Мой главный начальник в трауре: единственный сын, капитан-артиллерист, погиб где-то в Польше. Мы переживаем и сочувствуем — дядька шибко ладный. Не далее, как вчера, слушал его речения-нравоучения. Каюсь, смысл его наставлений не достигал моих извилин. Понимаешь, я, как озорник-мальчишка, считал в уме его «сие», «поелику», «сим», «коли»… Сознаю: хамство! И ничего не мог поделать с собой.

Еда наша не шибко, чтобы очень. А на «гражданке» карточки отовариваются не всегда сполна.
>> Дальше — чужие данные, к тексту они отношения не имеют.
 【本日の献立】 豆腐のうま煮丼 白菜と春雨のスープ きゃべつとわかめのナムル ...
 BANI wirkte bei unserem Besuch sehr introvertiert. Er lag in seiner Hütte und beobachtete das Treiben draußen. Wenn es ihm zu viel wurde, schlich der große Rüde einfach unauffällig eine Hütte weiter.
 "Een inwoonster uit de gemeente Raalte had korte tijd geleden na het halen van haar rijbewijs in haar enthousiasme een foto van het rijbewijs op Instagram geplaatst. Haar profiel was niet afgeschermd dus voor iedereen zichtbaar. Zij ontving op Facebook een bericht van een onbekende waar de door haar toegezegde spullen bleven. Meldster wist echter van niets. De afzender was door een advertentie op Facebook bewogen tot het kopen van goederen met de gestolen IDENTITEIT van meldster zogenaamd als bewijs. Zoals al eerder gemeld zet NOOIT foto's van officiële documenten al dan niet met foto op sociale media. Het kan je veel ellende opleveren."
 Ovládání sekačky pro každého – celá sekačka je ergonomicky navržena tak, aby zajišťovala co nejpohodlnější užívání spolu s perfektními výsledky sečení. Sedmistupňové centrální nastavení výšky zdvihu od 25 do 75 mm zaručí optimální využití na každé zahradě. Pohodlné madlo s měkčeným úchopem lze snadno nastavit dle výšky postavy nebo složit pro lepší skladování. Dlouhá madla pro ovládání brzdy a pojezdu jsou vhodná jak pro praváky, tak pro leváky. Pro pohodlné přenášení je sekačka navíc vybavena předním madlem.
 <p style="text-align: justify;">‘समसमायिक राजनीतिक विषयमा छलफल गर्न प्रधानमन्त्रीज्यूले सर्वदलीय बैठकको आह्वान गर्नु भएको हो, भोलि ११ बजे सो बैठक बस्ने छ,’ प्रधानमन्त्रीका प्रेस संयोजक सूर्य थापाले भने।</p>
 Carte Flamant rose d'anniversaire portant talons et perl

Засадили пустыри, полосу отчуждения вдоль железной дороги, тропинки перекопали, лесные поляны взрыхлили. И, представь себе, обходятся без землеустроителей, как дважды два — восемь!»

— Записался, Семён Макарович! — В комнату заглянула Маргарита Павловна. — Чаи гонять не желаете?
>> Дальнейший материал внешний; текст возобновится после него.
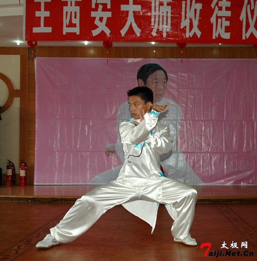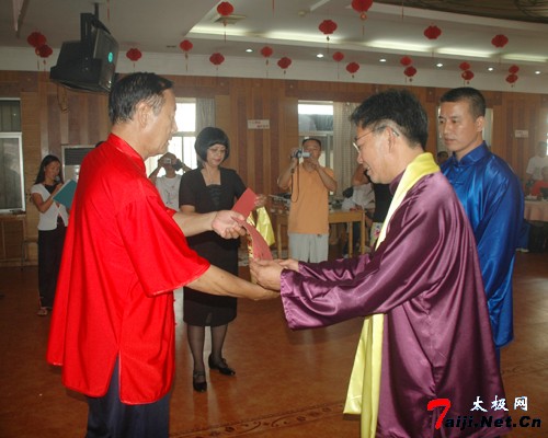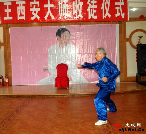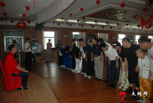 这天上午,来自王西安拳法研究会法国分会、意大利分会以及韩国、澳地利等国的太极拳爱好者朋友欢聚一堂,共同参加王西安大师的收徒仪式。温县体育局负责人,温县红棉鞋业集团顾问、原体育局局长原福全等也到会祝贺。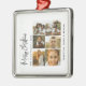 Minimal Merry Christmas Script Family 6 Photos Metal Ornament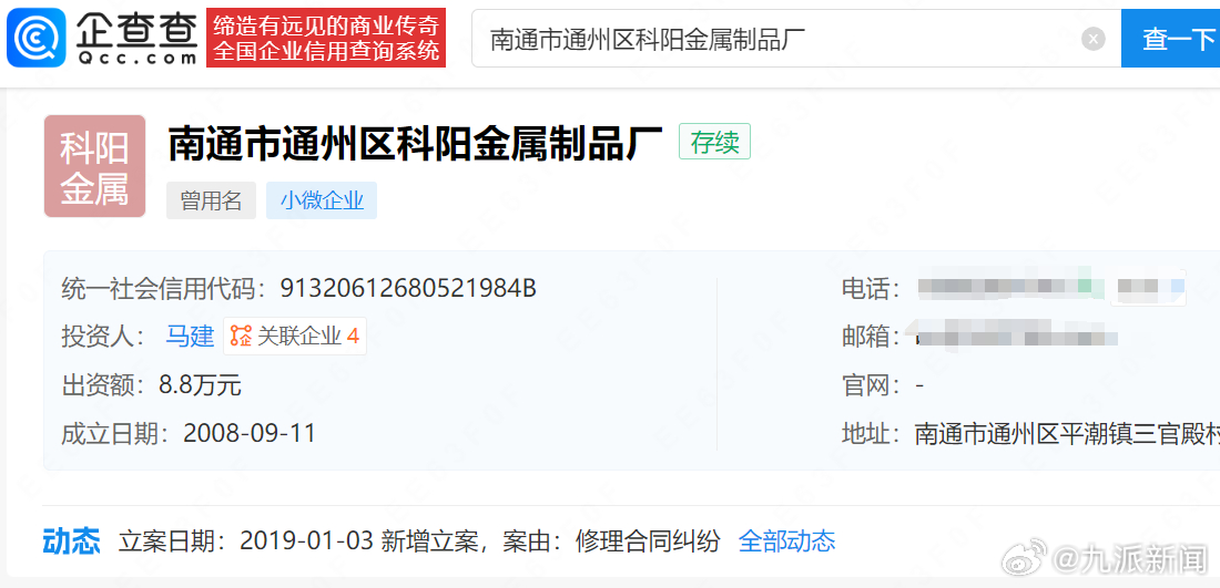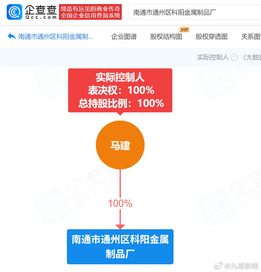 从企查查APP获悉,涉事的南通市通州区科阳金属制品厂成立于2008年9月,出资额8.8万元,经营范围为五金螺丝、光学仪器、金属制品加工、生产、销售,为马建个人独资企业。马建名下共关联4家公司,除该厂外,还有上海巴澜斯国际贸易有限公司、通州市华立金属制品有限公司、通州市华立金属制品有限公司、通州市平潮大众紧固件厂,其中后两家已注吊销。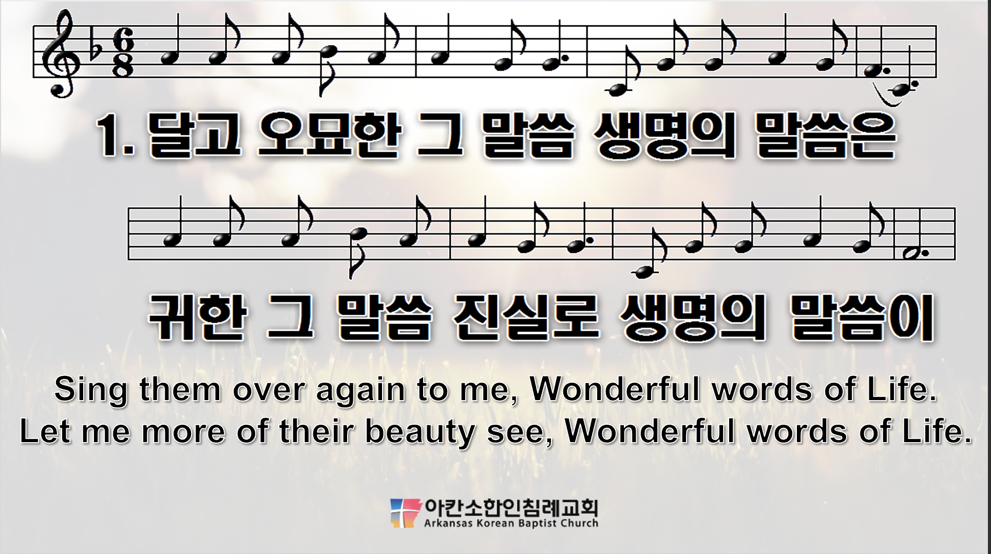 예배 중에 영어 자막을 통해 찬송 가사를 함께 따라 부를 수 있도록 준비한 자료이니, 필요하신 분들은 자료실에서 자유롭게 다운로드 받아 사용해 주세요.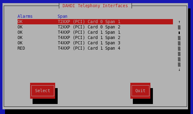 T2XXP (PCI) Card 0 Span 1 OK 0 0 0 CCS HDB3 CRC4 0 db (CSU)/0-133 feet (DSX-1)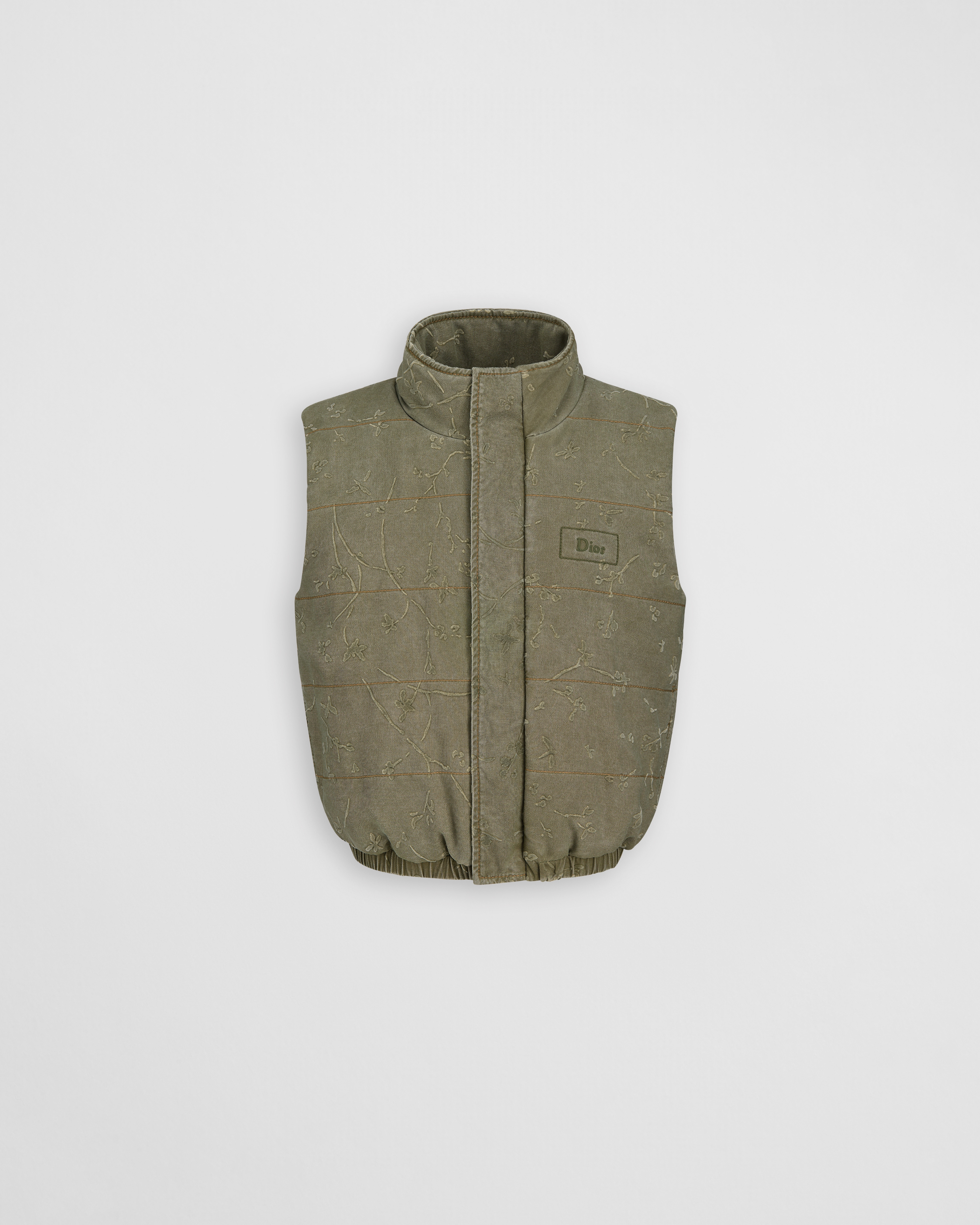 这款背心是二零二六夏季童装系列新品,饰以灵感源自大自然的本季图案。采用卡其色科技面料精心制作,突显同色调植绒牛仔效果,正面饰以同色调 Dior 刺绣。正面隐藏式拉链开合,搭配立领、弹力底边和接缝口袋,更显精致。具备防水效果,可与该系列的配套长裤搭配,为凉爽天气打造活泼的造型。
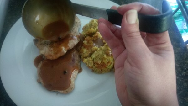 This ladle is short and sweet, perfect for all your creams and sauces. I am curious how well the rubbery handle will hold up to heat and time in our dry climate.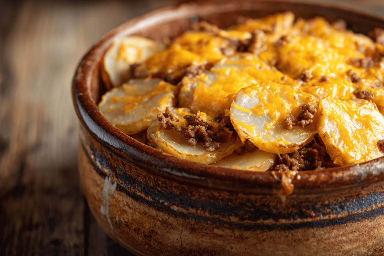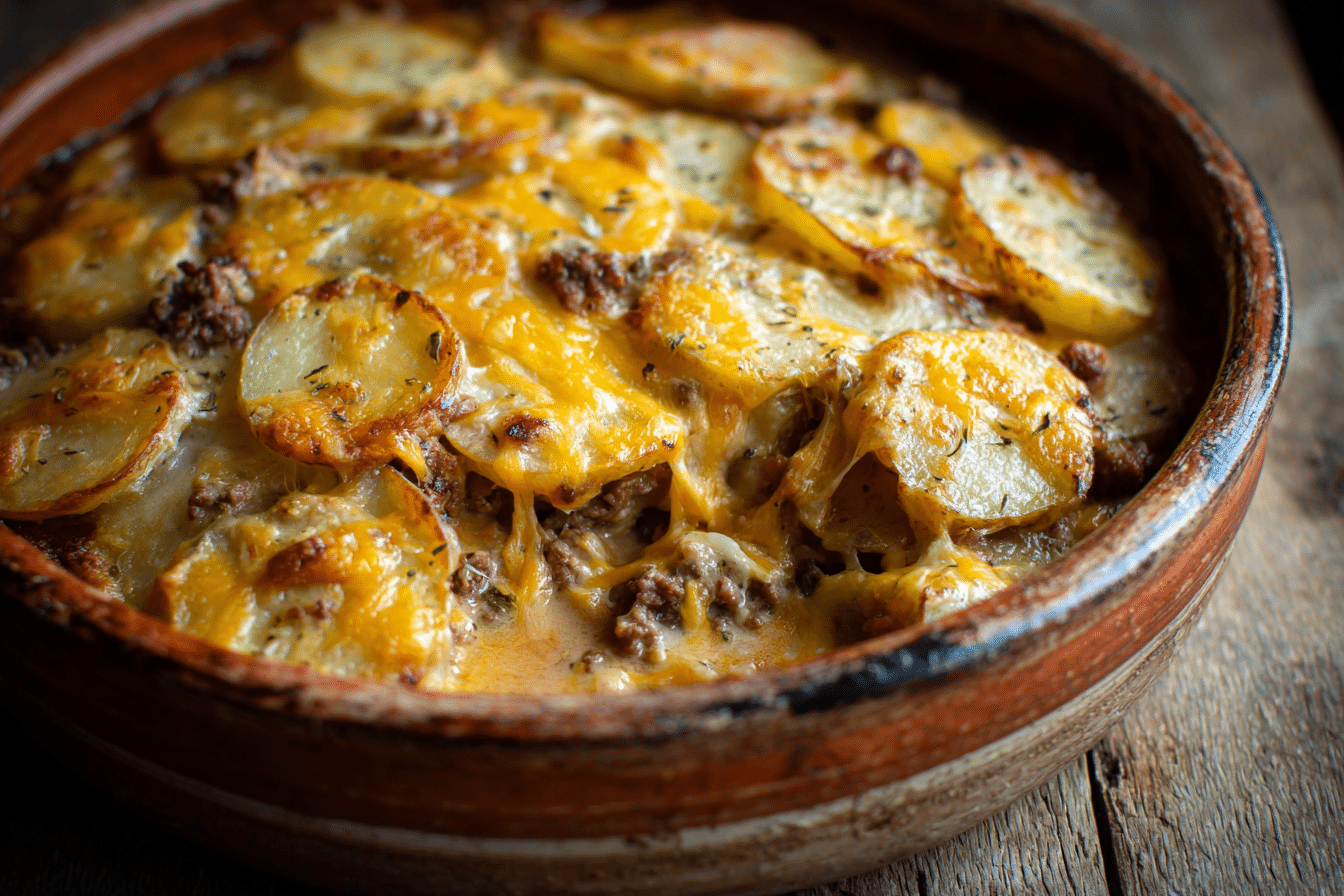 PrintA creamy, layered slow cooker casserole made with seasoned ground beef, tender potatoes, and melty cheddar cheese. A hearty, no-fuss dinner perfect for busy nights.

Фёдоров в мыслях всё ещё разговаривал с женой и не сразу понял, что сказала хозяйка.

— Отведайте свежего смородинового варенья с добавлением бруснички — ароматное до чего!

— Всенепременно, Маргарита Павловна! По обыкновению, до седьмого поту?

— Так заведено, Макарыч, не нами. Не нам и разводить!

Погода стояла промозглая — дождь со снегом. По стеклам окон ручьями стекала влага.

Хозяйка догадалась, кому он писал.

— Аника-воин всё на позиции?

— Но-о. — Фёдоров улыбнулся: перенял-таки местное наречье!

Варенье было духмяное, уводило память в раннюю осень, к событиям в тайге.

— Скопцева вы хорошо знали, Маргарита Павловна?

— Как сказать… Больше, когда забривали в солдаты…

— По мобилизации?

— Но-о. Конец германской, чё ль… Платон развозом занят был по улусам. Отец его, тот, правда, чистый лавошник, отродясь в долги ни на грош! Скупердяй — свет не видывал!

— Не очень-то вы о них…

— Дак жизнь така. Вот, было, в Сотникове конокрада имали. — Маргарита Павловна подлила в кружку Фёдорова заварки. — Мужики осатанели — лошадей пять умыкнули! Так Скопцев-младший, веришь, оскалил зубы, как рыжий волчонок, всё под дыхало метил сапогом. Это вот втемяшилось, как сёдни вижу.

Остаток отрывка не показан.